* [Exercise]: The whole listing is to be given again without alteration, except that its pictures are dropped.

* [Provided data]:

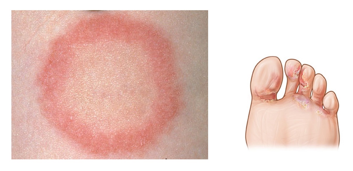 Наиболее распространенным видом дерматомикоза является эпидермофития стопы, при которой наблюдается поражение кожи на ногах между пальцами. Заболевание выражается в покраснении, зуде и растрескивании кожи. В данном случае инфекция может распространиться на ногтевую пластину (дерматофития ногтей) и может также поражать кожу и ногти рук.
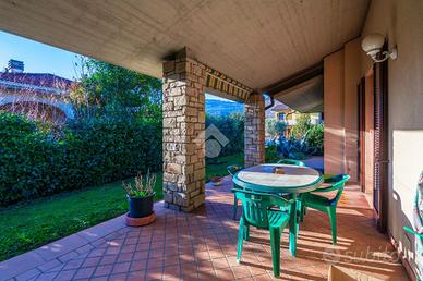 MAZZANO: in tranquilla via chiusa, lontana dal traffico ma comodissima a tutti i servizi, proponiamo immobile indipendente su piano unico, ideale per chi cerca privacy, confort e spazi esterni vivibili. L' abitazione è circondata da giardino privato di ca. 600mq, perfetto per momenti di relax all' aria aperta, attività all' aperto. Il grande portico rappresenta un vero valore aggiunto, ideali per pranzi e cene o comoda zona living esterna. Dall' ingresso si accede alla grande e luminosa zona soggiorno che apre sul grande porticato, la cucina è abitabile, dal disimpegno si arriva alla grande zona notte dove troviamo tre camere da letto matrimoniali, ed il bagno di ottime dimensioni con vasca e doccia. Completa il piano il comodo ripostiglio. Al piano seminterrato abbiamo spazi da utilizzare in base alle esigenze dei singoli clienti. La taverna di 40Mq ha il camino, secondo bagno/ lavanderia e ca. 100Mq da sfruttare come meglio si desidera. Completano l' unita abitativa un box per una macchina ed un secondo box di ca. 120Mq che può ospitare due autovetture ed il resto può essere sfruttato come magazzino. Soluzione ideale per chi desidera una casa indipendente su piano unico senza rinunciare alla praticità dei servizi.
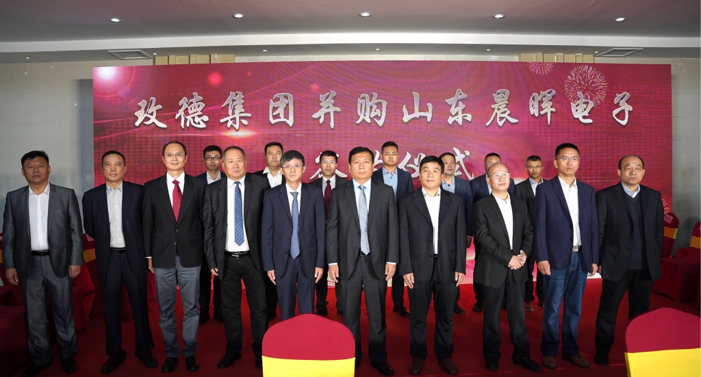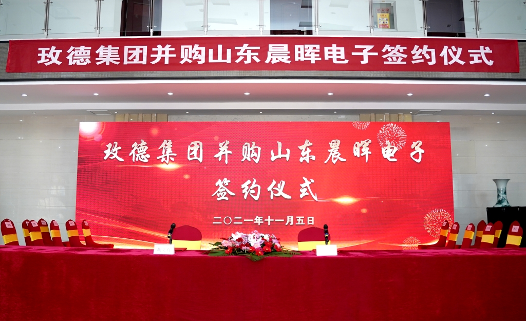 2021年11月5日,“玫德集團并購山東晨暉電子科技有限公司簽約儀式”在山東泰安隆重舉行,玫德集團董事局主席孔令磊先生、董事局副主席劉勇先生、亓曉玉先生、常城先生、胡文有先生,以及原山東晨暉電子科技有限公司董事長王學水先生,總經理張君昭先生等一眾高層出席。在現場嘉賓的共同見證下,玫德集團宣布并購山東晨暉電子科技有限公司。

* [Your response]:
 Наиболее распространенным видом дерматомикоза является эпидермофития стопы, при которой наблюдается поражение кожи на ногах между пальцами. Заболевание выражается в покраснении, зуде и растрескивании кожи. В данном случае инфекция может распространиться на ногтевую пластину (дерматофития ногтей) и может также поражать кожу и ногти рук.
 MAZZANO: in tranquilla via chiusa, lontana dal traffico ma comodissima a tutti i servizi, proponiamo immobile indipendente su piano unico, ideale per chi cerca privacy, confort e spazi esterni vivibili. L' abitazione è circondata da giardino privato di ca. 600mq, perfetto per momenti di relax all' aria aperta, attività all' aperto. Il grande portico rappresenta un vero valore aggiunto, ideali per pranzi e cene o comoda zona living esterna. Dall' ingresso si accede alla grande e luminosa zona soggiorno che apre sul grande porticato, la cucina è abitabile, dal disimpegno si arriva alla grande zona notte dove troviamo tre camere da letto matrimoniali, ed il bagno di ottime dimensioni con vasca e doccia. Completa il piano il comodo ripostiglio. Al piano seminterrato abbiamo spazi da utilizzare in base alle esigenze dei singoli clienti. La taverna di 40Mq ha il camino, secondo bagno/ lavanderia e ca. 100Mq da sfruttare come meglio si desidera. Completano l' unita abitativa un box per una macchina ed un secondo box di ca. 120Mq che può ospitare due autovetture ed il resto può essere sfruttato come magazzino. Soluzione ideale per chi desidera una casa indipendente su piano unico senza rinunciare alla praticità dei servizi.
 2021年11月5日,“玫德集團并購山東晨暉電子科技有限公司簽約儀式”在山東泰安隆重舉行,玫德集團董事局主席孔令磊先生、董事局副主席劉勇先生、亓曉玉先生、常城先生、胡文有先生,以及原山東晨暉電子科技有限公司董事長王學水先生,總經理張君昭先生等一眾高層出席。在現場嘉賓的共同見證下,玫德集團宣布并購山東晨暉電子科技有限公司。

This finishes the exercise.